Impact and Engagement
Impact and Engagement

We want our research to make the world a better place. We engage with a wide range of external partners, both in the UK and internationally, to translate our research into real-world solutions.
The impact of our research includes empowering marginalised communities, preserving and widening access to endangered culture heritage, amplifying unheard voices to raise awareness and change attitudes, engaging with educational practitioners to improve outcomes for children, enhancing working practices and tackling economic challenges.
Impact Case Studies
Our research brings about valuable and significant changes to the world beyond academia, on a local, national and international level.
As part of the Research Excellence Framework (REF), the system for assessing the quality of research in UK higher education institutions, we submit case studies showcasing a selection of the benefits our research brings to society.
Find out more by reading the School’s Impact Case Studies from REF2021 below.
Saving endangered Southern Arabian languages
Professor Janet C. E. Watson worked with native speakers from different tribes and regions in Oman and Yemen to develop an Arabic-based orthography for all Modern South Arabian languages, purely oral languages facing extinction.
Chinese literature in translation
The Leeds Centre for New Chinese Writing and Professor Frances Weightman boosted publications of Chinese literature internationally and were pivotal to the implementation of educational policy in the UK regarding the expansion of Chinese in schools.
Changing public perceptions of anti-war activism
Professor Ingrid Sharp co-founded a national Peace History Working Group to amplify and internationalise peace narratives and bring marginalised stories to the public’s attention as part of the planned commemorations for the Centenary of World War I.
Retrieving hidden colonial pasts to influence the present
Dr Jim House’s work retrieving and telling previously hidden histories and memories enabled wider society to see urban communities in colonial-era shantytowns in Algiers and Casablanca and their experiences in a new light, helping contribute to a more conducive environment for speaking about the past.
Building the resilience of young people in South Africa
Professor Paul Cooke’s work on film as a soft-power asset became the impetus for a youth-leadership programme designed to build the resilience of some of the most vulnerable young people in South Africa.

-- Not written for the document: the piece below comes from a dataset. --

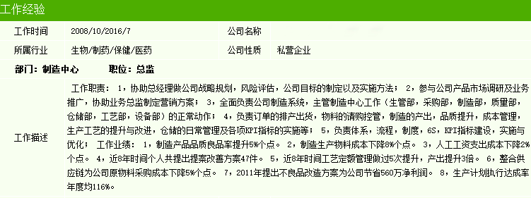 虽然这份工作描述的字数很多,但他提供了一组表现他的管理能力的数据:“良品率提升5%,物料成本下降8%,8年内个人提出改善方案47件”等等数据,这些都是企业管理的重要数据,至少他给了我:懂得归纳、有能力、会发现问题、为企业创造收入的印象。对于企业来说这是一个不容错过的简历。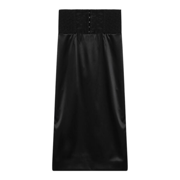 Black silk stretch satin longuette skirt from Dolce & Gabbana featuring corset belt detail, high waist and back zip and hook fastening.

Changing public understanding of the impact of WWI on women
Professor Alison Fell’s work raised awareness of and changed attitudes around the inclusion of women’s and West African soldiers’ experiences during the First World War.
The historical role of female practitioners of Thai Buddhism
Professor Martin Seeger’s research into the historical role of female practitioners in Thai Theravada Buddhism led to the reidentification of the author of an invaluable piece of Thai Buddhist literature as a woman.